Peter the Great (1895–1923) was an American Standardbred horse. A descendant of Hambletonian 10, he is considered one of the most important sires in the development of the modern Standardbred breed.

==History==

Peter The Great 28955 structure chart notation pedigree

Peter the Great was bred by D. D. Streeter at The Oaklands, Kalamazoo, Michigan. At the age of two years he was trained by Peter V. Johnston. Stableman Jud Graine stated that Peter the Great was "Spirited and gentle as a kitten ... He was wise ... That is one reason his offspring were such great horses." Peter the Great did not have a name until the last hours before the Kentucky Futurity's posting time.

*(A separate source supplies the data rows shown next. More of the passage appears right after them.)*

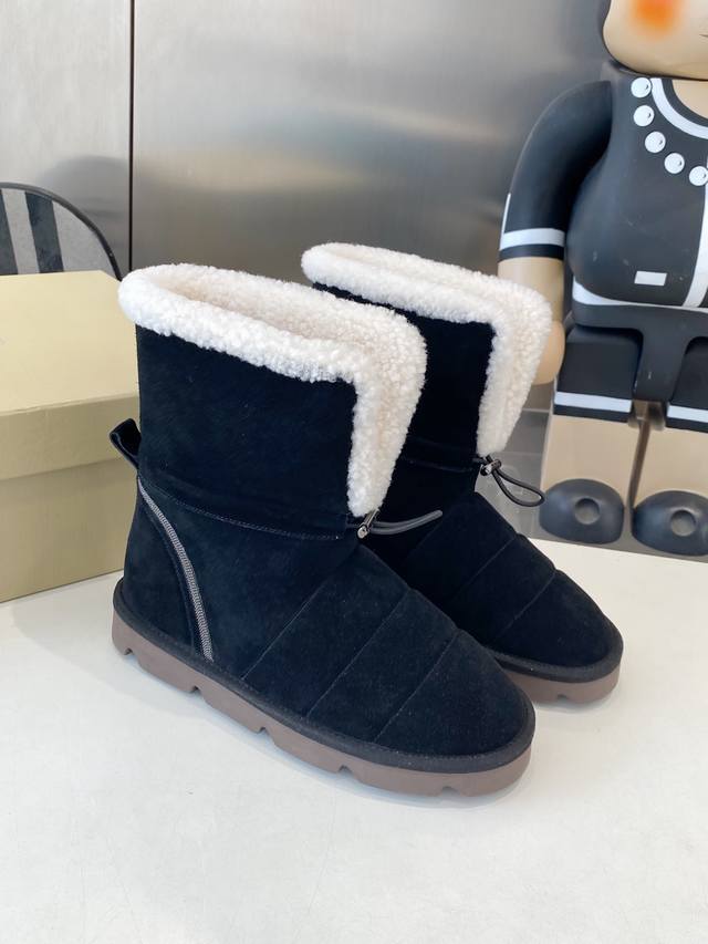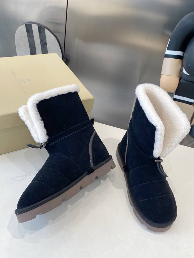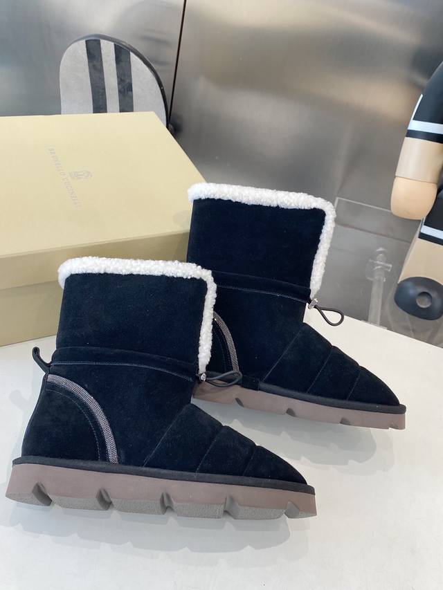 Factory direct, top-quality Brunello Cucinelli winter snow boots. Lining: Imported Australian lamb wool. Outsole: Custom-made Italian high-density original outsole. Upper: Imported high-gloss material. Sizes: 35-41, sizes 40-41 are custom-made and non-refundable.
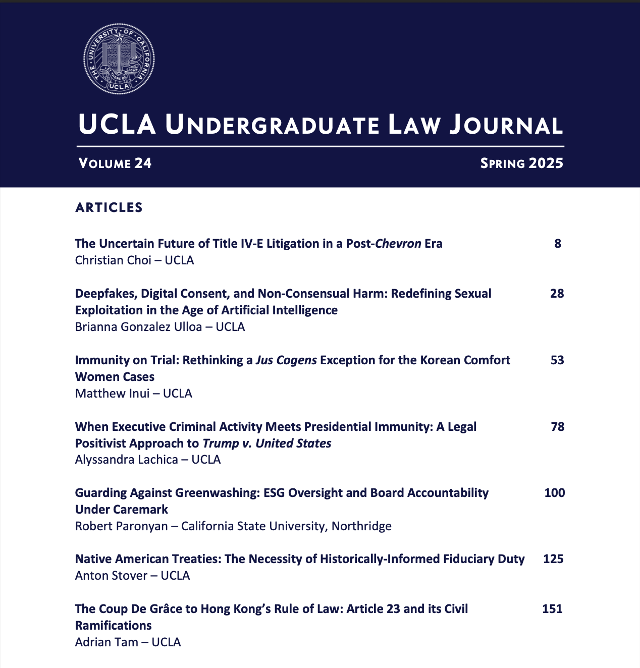 Since its inception in 2002, the UCLA Undergraduate Law Journal has published 24 volumes of high-quality legal scholarship exclusively produced by undergraduate students from universities across the world. We are a generalist journal, publishing an annual volume of wholly student-produced scholarship pertaining to a wide variety of legal issues, including contemporary issues in U.S. domestic law and the international sphere, legal theory, and practical aspects of the law. Based at the #1 public university in the United States, the Journal has established itself as one of the pre-eminent publications for undergraduate students seeking to explore in-depth research on the most pressing contemporary issues of society, politics, and economics from a legal perspective. We are modeled on the country’s leading law reviews, which regularly publish cutting-edge research by the world’s top legal scholars. The Journal immerses contributors in an authentic experience that mirrors that of bona fide legal research that drives contemporary political thought and social discourse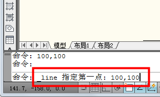 4、此時cad直線的第一點就定位在絕對坐標“100,100”處了。

In 1898, Peter the Great was sold to J. Malcolm Forbes who was from near Boston, Massachusetts. Peter The Great was directly put into service on Forbes Farm in Massachusetts. Henry Titer trained him for racing. From 1901 and on, he was solely used at stud. Peter the Great entered the sale ring at Madison Square Garden, New York, in 1903. Peter Duryea (New York) and E. D. Stokes bought him. They sent him to serve on Patchen Wilkes Farm in Lexington, Kentucky. From 1908 Peter Duryea owned Peter the Great.

In 1916 he changed owners again, moving to Stoughton Fletcher and Tom Taggart, who lived in Indianapolis, Indiana. They placed him at Forkland Farm, Kentucky, for two seasons. Thereafter, he lived at Laurel Hall Farm, Indianapolis in a special barn. It looked like a summer cottage with a padded floor. He is buried at Tom Taggart's residence near French Lick, Indiana. In 1928, the ashes of his groom, Jacob Councilman, were spread on his grave.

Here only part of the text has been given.